▸ **YOUR OBJECTIVE**: Skip the pictures. Transcribe the rest of the data below without changing a word.

▸ **GIVEN DATA**:
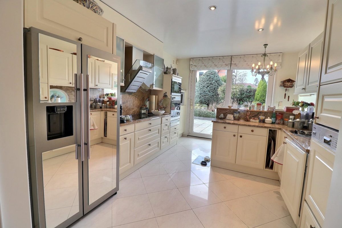 Dès l’entrée, un hall élégant avec WC visiteurs vous conduit vers un vaste séjour baigné de lumière, prolongé par un coin lecture chaleureux. La cuisine semi-ouverte, parfaitement équipée, s’intègre harmonieusement à cet espace convivial.
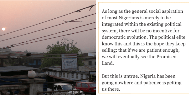 But as long as the general social aspiration of most Nigerians is merely to be integrated within the existing political system – or as we say, ‘to make it’ – then there will be no incentive for democratic evolution. The political elite know this, and this is the hope they keep selling: the hope that if we are patient enough, we will eventually see the Promised Land. But this is untrue. Nigeria has been going nowhere and patience is getting us there.
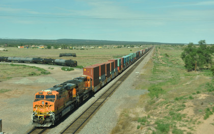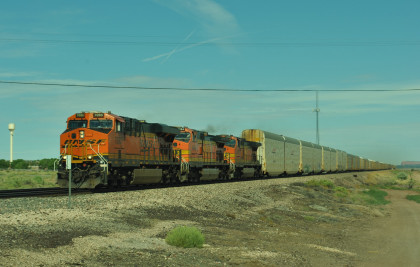 BNSF 7090 East at Baca Road. We drove west but a train caught up to us.

▸ **WRITTEN RESPONSE**:
 Dès l’entrée, un hall élégant avec WC visiteurs vous conduit vers un vaste séjour baigné de lumière, prolongé par un coin lecture chaleureux. La cuisine semi-ouverte, parfaitement équipée, s’intègre harmonieusement à cet espace convivial.
 But as long as the general social aspiration of most Nigerians is merely to be integrated within the existing political system – or as we say, ‘to make it’ – then there will be no incentive for democratic evolution. The political elite know this, and this is the hope they keep selling: the hope that if we are patient enough, we will eventually see the Promised Land. But this is untrue. Nigeria has been going nowhere and patience is getting us there.
 BNSF 7090 East at Baca Road. We drove west but a train caught up to us.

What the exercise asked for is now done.